** Material provided **
______________________________
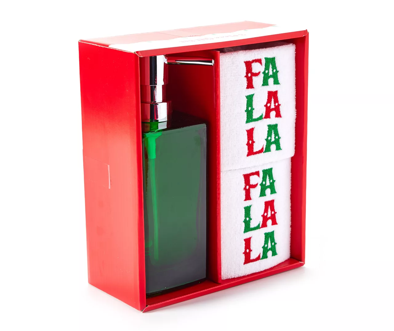 Bolster your home with very merry vibes with this three-piece set featuring two lavish cotton hand towels and a sleek glass soap dispenser. Bold colors and festive embroidered designs bring the holiday experience to your countertops, whether you opt to use this set in a bathroom or kitchen space.
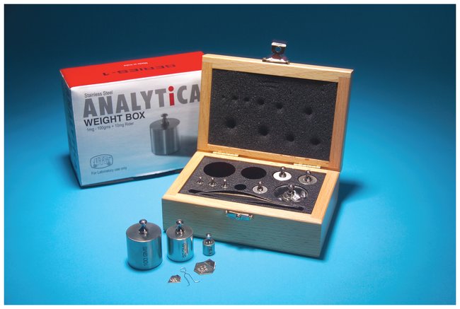 Set contains nine weights ranging from 1 to 100gOne each of 1g, 5g, 10g, 50g, and 100gTwo each of 2g and 20gSet of 1 to 500mg fractional weights5mg rider and forcepsWooden storage box.
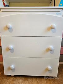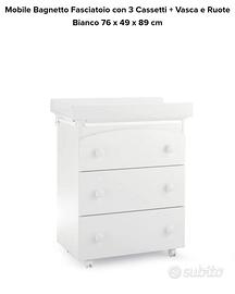 vendo mobile fasciatoio 3 cassetti con rotelle funzionanti, ottime condizioni, vaschetta da bagno mai utilizzata.
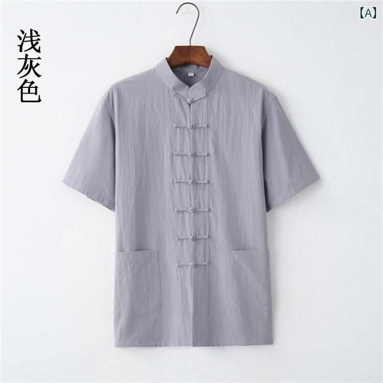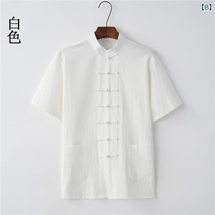Tシャツ メンズ 中高年 中国風 綿麻 半袖 ウォッシュ加工 カジュアル 太極拳 カンフー 茶道用 普段使い リラックス ボタン付き 通気性 吸湿速乾
______________________________
Reprint the listing above exactly, without images.

 Bolster your home with very merry vibes with this three-piece set featuring two lavish cotton hand towels and a sleek glass soap dispenser. Bold colors and festive embroidered designs bring the holiday experience to your countertops, whether you opt to use this set in a bathroom or kitchen space.
 Set contains nine weights ranging from 1 to 100gOne each of 1g, 5g, 10g, 50g, and 100gTwo each of 2g and 20gSet of 1 to 500mg fractional weights5mg rider and forcepsWooden storage box.
 vendo mobile fasciatoio 3 cassetti con rotelle funzionanti, ottime condizioni, vaschetta da bagno mai utilizzata.
Tシャツ メンズ 中高年 中国風 綿麻 半袖 ウォッシュ加工 カジュアル 太極拳 カンフー 茶道用 普段使い リラックス ボタン付き 通気性 吸湿速乾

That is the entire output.